« Le gars est arrivé à la fin du culte et il était très agressif, se souvient Michel Gentil, pasteur dans l'Eglise évangélique libre de la Rochette (FREE), à Neuchâtel. Il voulait qu'on lui remette le contenu de l'offrande. Il était aussi accompagné d'un autre homme qui observait à distance. » Depuis près de deux ans, à Neuchâtel comme dans de nombreuses Eglises urbaines, la mendicité change de visage.
Autrefois, les mendiants rencontrés aux portes de nos chapelles étaient surtout des marginaux plus ou moins drogués ou alcoolisés. Ils passaient d'église en église, racontant des histoires destinées à émouvoir – souvent crédibles, rarement vraies. Ils demandaient de l'argent, mais se voyaient proposer de la nourriture ou des billets de train. Mécontents des offres, ils repartaient en jurant.
Un degré d’agressivité à partir duquel c’est le 117 !
Désormais, les mendiants « classiques » sont concurrencés par des Roms venus de Roumanie ou de Hongrie. Ils impressionnent par leur insistance ou leur nombre. Bien informés, ils arrivent à la fin des cultes et abordent les gens à la sortie... parfois, ils entrent carrément dans la chapelle pour y « faire leur marché ».
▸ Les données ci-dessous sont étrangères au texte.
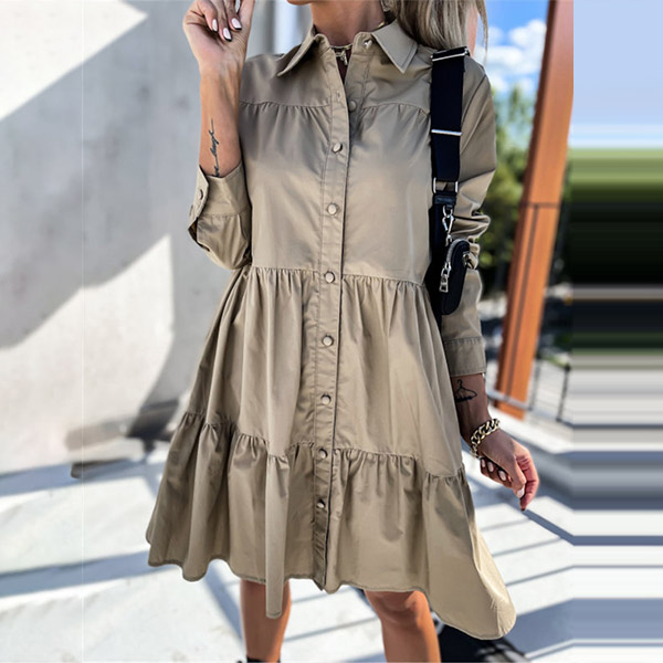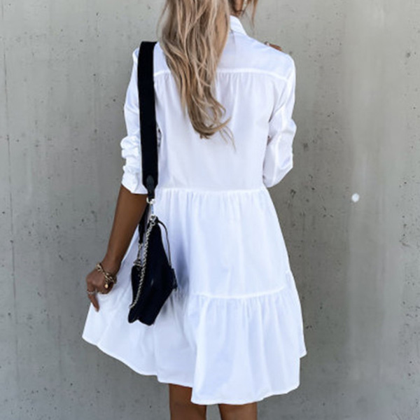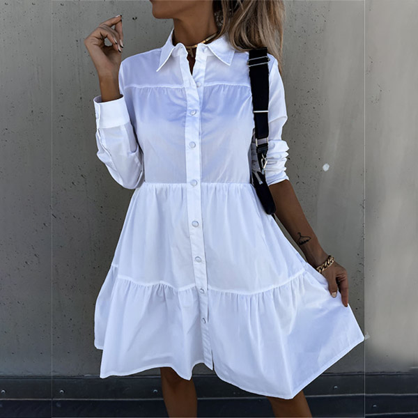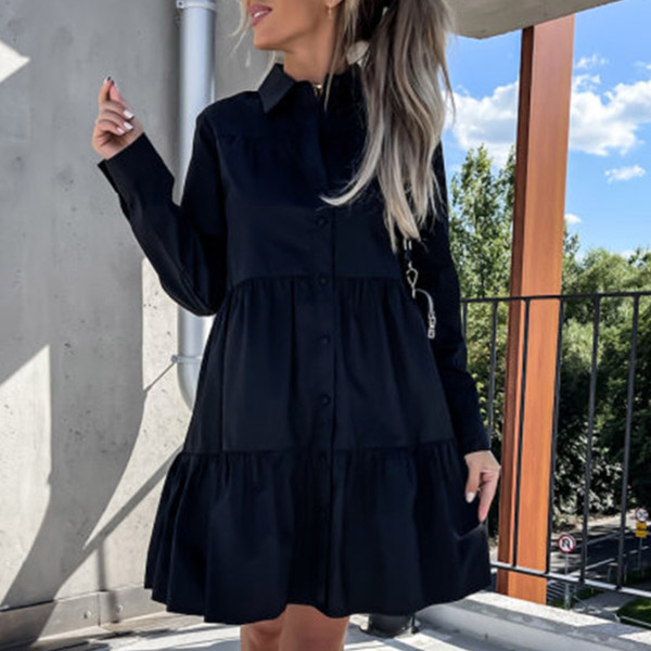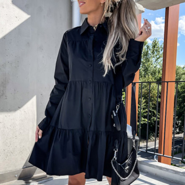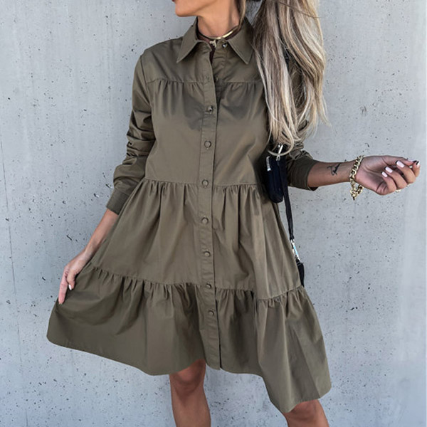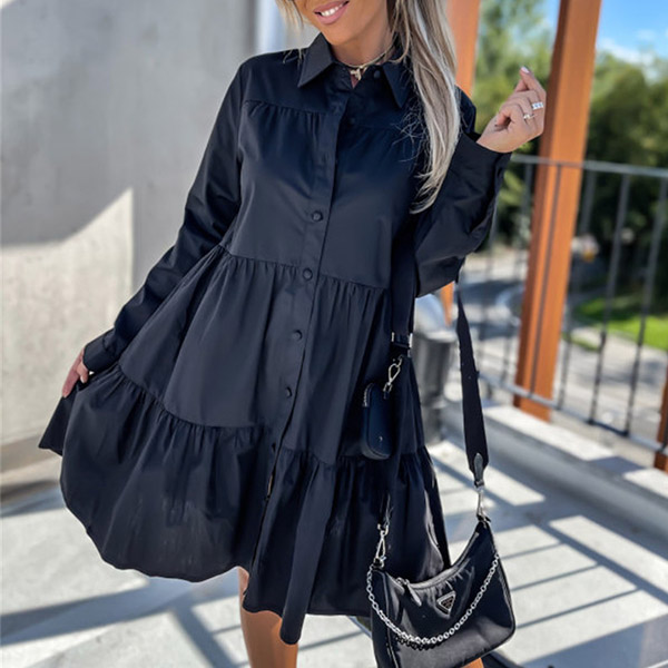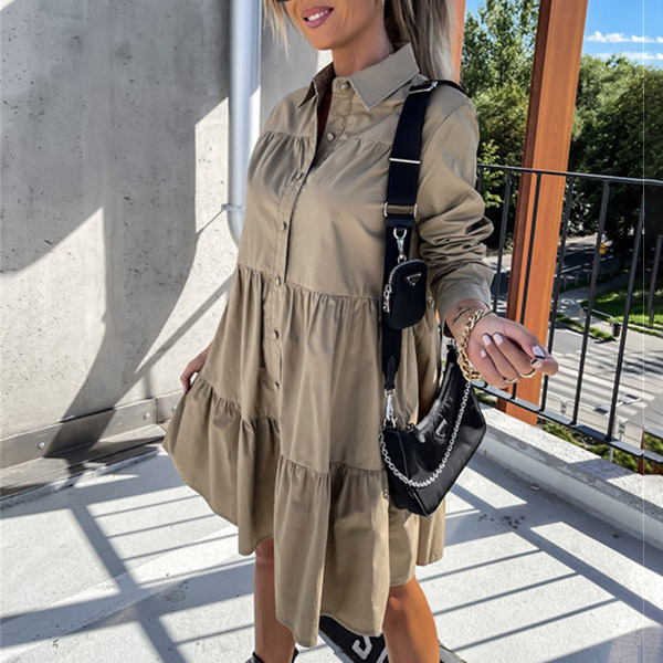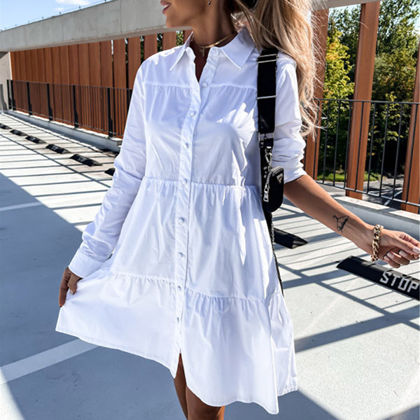 For your busy workdays,you can just have a try this shirt dress. It comes with a solid color,crafted from soft,breathable fabric and a loose silhouette,this shirt dress can ensure you a comfortable day,while the long sleeve,POLO collar and single-breasted design maintain the classic design style.

A Neuchâtel, les responsables de l'Eglise viennent de décider du degré d'agressivité à partir duquel ils demanderont l'intervention de la police. « Nous les voyons arriver chaque dimanche, constate Michel Gentil. Mais, en principe, nous ne donnons pas d'argent... plutôt des vivres. » Le problème, c’est que ces mendiants ne veulent généralement rien d'autre que de l'argent, parce qu'ils pourront en ramener une partie dans leur pays.
Ils demandent une collecte en leur faveur
Même son de cloche à l'Eglise évangélique (FREE) de Renens où des Roms ont demandé une collecte en leur faveur. « Notre chapelle est située à côté de la gare, dans un quartier où la mendicité est permanente, souligne Christian Reichel, le pasteur de la communauté. Nous ne donnons rien aux mendiants que nous ne connaissons pas du tout. A ceux avec lesquels nous avons un minimum de relations, nous donnons des bons d'achat de la Coop. » Mais le pasteur n'est pas vraiment satisfait de cette aide qui ne fait que dépanner momentanément.
A l'Eglise évangélique de Meyrin, près de Genève, les Roms pratiquent deux sortes de mendicité. « Il y a ceux qui attendent tranquillement les gens à la sortie du culte, explique le pasteur Roger Sewell. Mais il y a aussi des personnes qui s'installent dans le bâtiment durant le culte... et contraignent les responsables de l'accueil à une surveillance constante. »
Les responsables de l'Eglise de Meyrin ont décidé d'interdire la mendicité à l'intérieur des bâtiments. Mais, comme ceux de Neuchâtel et de Renens, ils se sentent désemparés et réagissent au coup par coup. « Donner quelque chose afin de soulager notre conscience n'est pas une solution, reconnaît Roger Sewell. Les responsables de l'Eglise réfléchissent donc à la mise en place d'une forme d'aide plus utile pour ces mendiants. »
Pour cette Eglise, la présence des Roms prend encore une autre dimension. Certains parmi eux sont discrètement venus passer la nuit dans la propriété, près d'une remise à outils. Des voisins s'en sont aperçus et ont demandé aux responsables de l'Eglise de faire partir ces Roms.
Mettre en place une bourse des pauvres
Les responsables des Eglises de la FREE touchées par cette nouvelle forme de mendicité font part de leur désarroi. Cependant, plusieurs pasteurs évoquent la possibilité de mettre en place une bourse pour les pauvres dans leur communauté. Déconnectées des budgets des Eglises, ces bourses permettraient de pratiquer l'aumône avec générosité, mais dans la mesure des moyens des communautés.
Lors des dernières rencontres Eglises en mission, Mamadou Karambiri ne parlait-il pas de la mission intégrale qui commence à notre porte?